• RECORDS FOR THIS EXERCISE:

● ● ● ● ● ● ●

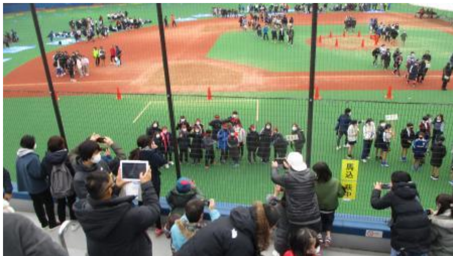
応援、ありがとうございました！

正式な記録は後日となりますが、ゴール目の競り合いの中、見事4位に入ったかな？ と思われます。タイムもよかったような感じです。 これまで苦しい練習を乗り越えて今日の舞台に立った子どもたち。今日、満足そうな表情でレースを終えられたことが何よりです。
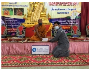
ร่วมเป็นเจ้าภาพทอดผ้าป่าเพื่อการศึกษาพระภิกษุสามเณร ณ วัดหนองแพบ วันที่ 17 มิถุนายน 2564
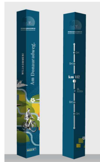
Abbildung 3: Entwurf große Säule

● ● ● ● ● ● ●

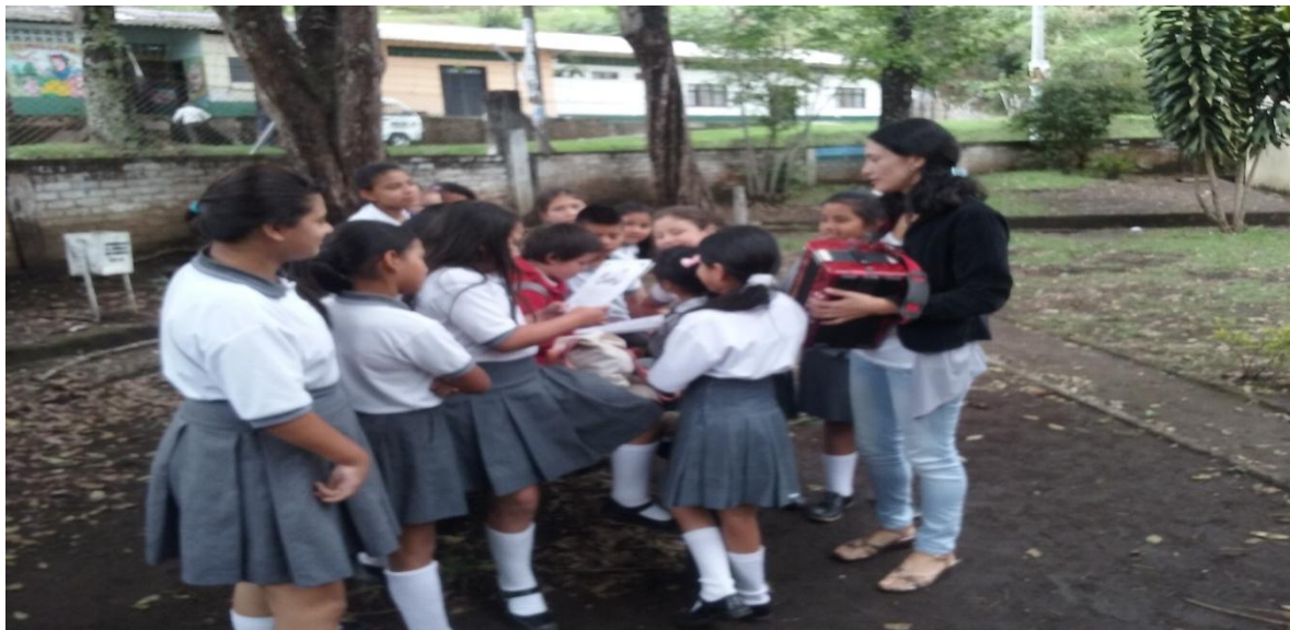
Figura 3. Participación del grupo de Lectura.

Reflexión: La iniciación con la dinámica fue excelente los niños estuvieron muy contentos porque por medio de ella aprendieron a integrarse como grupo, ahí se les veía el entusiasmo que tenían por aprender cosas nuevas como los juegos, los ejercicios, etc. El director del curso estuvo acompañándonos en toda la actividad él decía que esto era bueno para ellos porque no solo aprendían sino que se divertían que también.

● ● ● ● ● ● ●

• TASK STATEMENT:
The output is the stretch above from the line with "応援、ありがとうございました！" through the line with "Abbildung 3: Entwurf große Säule", copied word for word with both ends kept and every picture dropped.

• TASK RESPONSE:
応援、ありがとうございました！

正式な記録は後日となりますが、ゴール目の競り合いの中、見事4位に入ったかな？ と思われます。タイムもよかったような感じです。 これまで苦しい練習を乗り越えて今日の舞台に立った子どもたち。今日、満足そうな表情でレースを終えられたことが何よりです。
ร่วมเป็นเจ้าภาพทอดผ้าป่าเพื่อการศึกษาพระภิกษุสามเณร ณ วัดหนองแพบ วันที่ 17 มิถุนายน 2564
Abbildung 3: Entwurf große Säule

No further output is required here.